→ What you should do: Work out how many lines in the listing below include the word "green"; answer with the number alone.

→ Data to process:

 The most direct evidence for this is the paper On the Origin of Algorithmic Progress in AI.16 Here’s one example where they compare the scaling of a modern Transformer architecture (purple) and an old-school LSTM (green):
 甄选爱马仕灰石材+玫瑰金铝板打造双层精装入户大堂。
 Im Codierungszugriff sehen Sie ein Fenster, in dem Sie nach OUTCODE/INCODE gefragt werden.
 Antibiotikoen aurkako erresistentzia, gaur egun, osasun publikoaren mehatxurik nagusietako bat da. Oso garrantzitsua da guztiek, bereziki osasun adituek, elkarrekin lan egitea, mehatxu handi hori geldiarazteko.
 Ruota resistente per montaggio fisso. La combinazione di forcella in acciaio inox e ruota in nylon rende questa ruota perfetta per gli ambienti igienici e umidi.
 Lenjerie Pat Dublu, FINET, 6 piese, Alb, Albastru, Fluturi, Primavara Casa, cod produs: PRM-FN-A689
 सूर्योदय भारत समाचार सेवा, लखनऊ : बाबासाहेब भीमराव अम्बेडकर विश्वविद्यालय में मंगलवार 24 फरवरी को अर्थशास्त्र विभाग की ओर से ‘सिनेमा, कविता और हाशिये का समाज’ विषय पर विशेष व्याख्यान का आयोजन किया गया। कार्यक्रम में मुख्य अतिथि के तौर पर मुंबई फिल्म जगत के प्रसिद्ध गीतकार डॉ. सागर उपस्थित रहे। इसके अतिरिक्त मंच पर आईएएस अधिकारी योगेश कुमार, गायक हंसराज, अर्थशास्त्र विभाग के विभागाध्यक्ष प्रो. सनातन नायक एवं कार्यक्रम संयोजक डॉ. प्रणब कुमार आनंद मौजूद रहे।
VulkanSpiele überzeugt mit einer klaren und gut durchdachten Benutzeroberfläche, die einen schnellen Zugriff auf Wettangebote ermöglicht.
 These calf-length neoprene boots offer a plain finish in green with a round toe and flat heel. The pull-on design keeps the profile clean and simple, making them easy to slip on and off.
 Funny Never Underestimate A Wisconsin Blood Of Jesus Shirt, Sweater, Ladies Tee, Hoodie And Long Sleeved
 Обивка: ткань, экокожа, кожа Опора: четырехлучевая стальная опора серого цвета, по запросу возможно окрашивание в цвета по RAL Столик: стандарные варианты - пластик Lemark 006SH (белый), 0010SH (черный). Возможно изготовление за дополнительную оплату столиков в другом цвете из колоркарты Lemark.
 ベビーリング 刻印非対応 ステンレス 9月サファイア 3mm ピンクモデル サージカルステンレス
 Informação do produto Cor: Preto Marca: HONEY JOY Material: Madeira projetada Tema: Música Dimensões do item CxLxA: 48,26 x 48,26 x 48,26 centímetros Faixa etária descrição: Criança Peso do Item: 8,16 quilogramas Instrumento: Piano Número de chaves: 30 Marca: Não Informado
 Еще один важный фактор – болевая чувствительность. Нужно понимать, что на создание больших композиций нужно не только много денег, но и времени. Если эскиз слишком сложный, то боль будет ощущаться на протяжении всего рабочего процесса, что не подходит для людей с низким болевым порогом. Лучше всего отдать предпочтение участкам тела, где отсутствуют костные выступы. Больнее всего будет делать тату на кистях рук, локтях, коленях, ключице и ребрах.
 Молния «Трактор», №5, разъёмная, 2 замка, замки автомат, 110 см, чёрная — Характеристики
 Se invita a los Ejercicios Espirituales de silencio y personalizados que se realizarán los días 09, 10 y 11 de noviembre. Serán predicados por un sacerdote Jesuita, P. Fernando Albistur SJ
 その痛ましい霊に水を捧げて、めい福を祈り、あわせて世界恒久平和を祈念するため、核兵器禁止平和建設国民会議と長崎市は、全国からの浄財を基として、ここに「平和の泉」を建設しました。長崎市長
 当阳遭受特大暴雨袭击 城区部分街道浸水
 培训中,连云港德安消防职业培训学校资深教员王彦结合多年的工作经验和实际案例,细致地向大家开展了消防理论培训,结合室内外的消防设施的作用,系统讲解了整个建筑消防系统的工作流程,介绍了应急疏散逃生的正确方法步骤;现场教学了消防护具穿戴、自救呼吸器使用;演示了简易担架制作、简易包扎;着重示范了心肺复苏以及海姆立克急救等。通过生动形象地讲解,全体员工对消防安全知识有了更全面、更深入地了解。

→ Task output: 2